1.4.1 TOE TE PASSEN INSTRUMENTEN

Keuze maatregel

Er zijn verschillende redenen waarom een ondernemer regels niet naleeft. Dit zijn o.a.

geen kennis van de regels, kans om gesnapt te worden en de hoogte van de maatregel (hoogte en soort maatregel die aan de overtreding is gekoppeld).

De keuze voor de in te zetten maatregel is o.a. afhankelijk van het naleefgedrag van de ondernemer, de kans op herhaling begaan overtreding en gevolgen/effect van de overtreding. Maar ook bijzondere omstandigheden (b.v. goed ondernemerschap of overmacht). Daarnaast maakt de burgemeester gebruik van het stappenplan (zie bijlage 1).

Overtredingen worden van geval tot geval beoordeeld door de burgemeester.

Daarom kan aan twee ondernemers die dezelfde overtreding begaan elk een andere maatregel worden opgelegd. Dit betekent ook dat de burgemeester soms van het stappenplan moet afwijken om te bereiken dat de overtreding wordt beëindigd en/of toekomstige overtredingen niet worden begaan.

Soorten handhavingsmaatregelen

De burgemeester kan op de volgende manieren naleefgedrag bevorderen:

  • Informeren

  • Verleiden/stimuleren

  • Afspraken maken

  • Bestuurlijk waarschuwen (schriftelijk)

  • Bestuursrechtelijke maatregel

Bij constatering van een overtreding kan de burgemeester kiezen voor maatregelen zoals informeren, verleiden/stimuleren en afspraken maken. Hij kan echter ook overgegaan tot het opleggen van een bestuursrechtelijke maatregel.

De burgemeester gebruikt in de gemeente Zandvoort de volgende bestuursrechtelijke maatregelen: het opleggen van een last onder bestuursdwang of dwangsom en het verbod schenken zwak-alcoholische dranken. In het stappenplan bijlage 1 is voor een aantal overtredingen een richtlijn gegeven voor het soort maatregel.

Bestuurlijke waarschuwing

Het bestuursrechtelijk traject begint in beginsel met een bestuursrechtelijke schriftelijke waarschuwing. De bestuursrechtelijke waarschuwing is geen besluit. Er is daarom geen bezwaar en/of beroep mogelijk. Deze stap is echter niet vrijblijvend. De volgende stap is namelijk een bestuursrechtelijke maatregel.

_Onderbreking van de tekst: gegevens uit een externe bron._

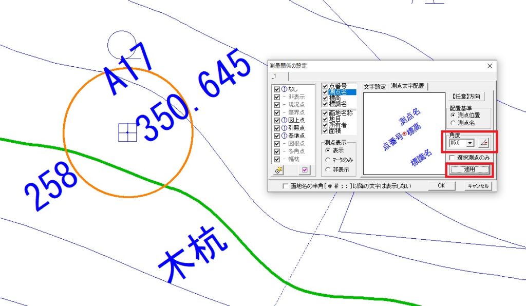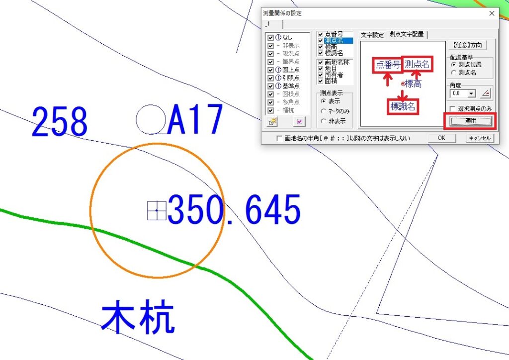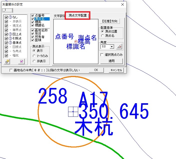 ここでは、測点文字の重なりを防ぐために、各表示項目の位置を調整する方法を解説します。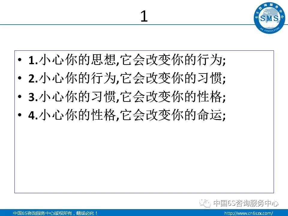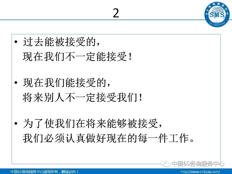 首頁 > 研究與洞見 > 方法論基礎(chǔ) 工廠企業(yè)6S現(xiàn)場(chǎng)管理圖解(32)頁 來源:華昊企管 發(fā)布時(shí)間:2018-05-14 --- THE END --- / 上一篇:您知道PDCA循環(huán)管理理念,什么是SDCA循環(huán)? 雙軌改善 看這里! 下一篇:稻盛和夫:人生最重要的就是“持續(xù)”,就是“持續(xù)做好一件事”

Na constatering van een eerste overtreding wordt binnen 5 werkdagen een schriftelijke waarschuwing aan de (horeca)ondernemer gestuurd. Dit als informeren, verleiden/stimuleren en afspraken maken naar het oordeel van de burgemeester niet aan de orde is.

Afhankelijk van de aard van de overtreding kan de (horeca)ondernemer eerst worden uitgenodigd voor een gesprek. De schriftelijke waarschuwing wordt in dat geval binnen 5 werkdagen na dit gesprek verstuurd. De burgemeester kan gemotiveerd de waarschuwingsstap overslaan en meteen overgaan tot het opleggen van een bestuursrechtelijke maatregel.

Bestuursrechtelijke maatregel

Met een bestuursrechtelijke maatregel worden onderstaande maatregelen zoals bestuursdwang en dwangsom enz. bedoeld. Ze zijn gericht op herstel in rechtmatige toestand (voor zover mogelijk), het beëindigen van een overtreding en/of het voorkomen van herhaling daarvan.

Bij herhaling binnen een jaar (na de laatste geconstateerde overtreding), krijgt de ondernemer in principe een brief. Hierin staat het voornemen van het opleggen van de bestuursrechtelijke maatregel en de geconstateerde overtreding. De ondernemer kan binnen 10 werkdagen na verzending van het voornemen zijn mening (zienswijze) kenbaar maken op grond van de Algemene wet bestuursrecht. Dit kan zowel schriftelijk als mondeling gebeuren.

Na het verstrijken van de zienswijzetermijn wordt de bestuursrechtelijke maatregel opgelegd. Deze maatregel wordt in principe binnen 10 werkdagen gestuurd aan de ondernemer. De burgemeester kan gemotiveerd van deze termijn afwijken. Dit doet hij bijvoorbeeld indien sprake is van spoed. De politie en de aangewezen toezichthouder houden toezicht op het naleven van het maatregelbesluit. Ze rapporteren bij het niet voldoen aan de maatregel.

Bestuursdwang

De hieronder a, b en c vermelde maatregelen vallen onder de term bestuursdwang in de Awb. In beginsel gaat een schriftelijke waarschuwing vooraf aan het opleggen van een bestuursdwangmaatregel. Deze waarschuwing wordt meegenomen bij de stapeling van overtredingen c.q. incidenten.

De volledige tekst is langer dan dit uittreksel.